Using REGEX Regular Expressions for Automated Data Collection and Extraction (Part 2)

Through automated processing and reading of data with artificial intelligence (AI), a document management system such as PaperOffice DMS can help you reduce your business costs by up to 92% and increase operational efficiency.

In the current article, we show you how you can use regular expressions to enjoy the benefits of automated document processing. This applies in particular to documents from companies in any industry.

We show you exact examples of regular expressions and explain step-by-step what they mean and how you can use them.

In this way you can increase your operational efficiency, reduce human error through higher accuracy, lower your current costs, maintain data integrity and improve data security.

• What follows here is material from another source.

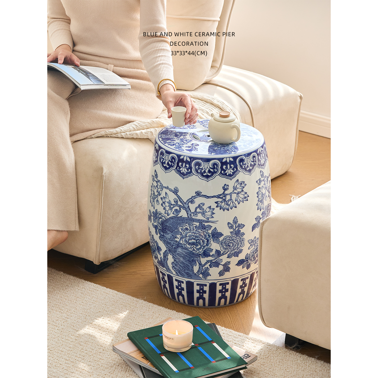 青花瓷凳陶瓷凳子 瓷墩 新中式 鼓凳 售楼处样板间 软装装饰摆件

The current article extends the first part about intelligent document processing, here takes you directly to the article.

Extracting specific data elements from documents can be an extremely expensive and time-consuming task. Frequently, scans of documents are sent to large outsourcing data entry companies, where the data is entered by hand.

However, there are several disadvantages to this approach, as follows:

This can jeopardize document security
A delay is introduced in workflow processes
Compared to automated extraction, manual indexing is a slow process
Manual indexing doesn't scale well on large projects
Manual indexing may introduce errors into the data
If a document is changed, the entire process starts all over again

And many more.

Despite the proliferation of scanning, a large proportion of business transactions are still based on paper-based documents. It is estimated that 85% of invoices are still issued on paper.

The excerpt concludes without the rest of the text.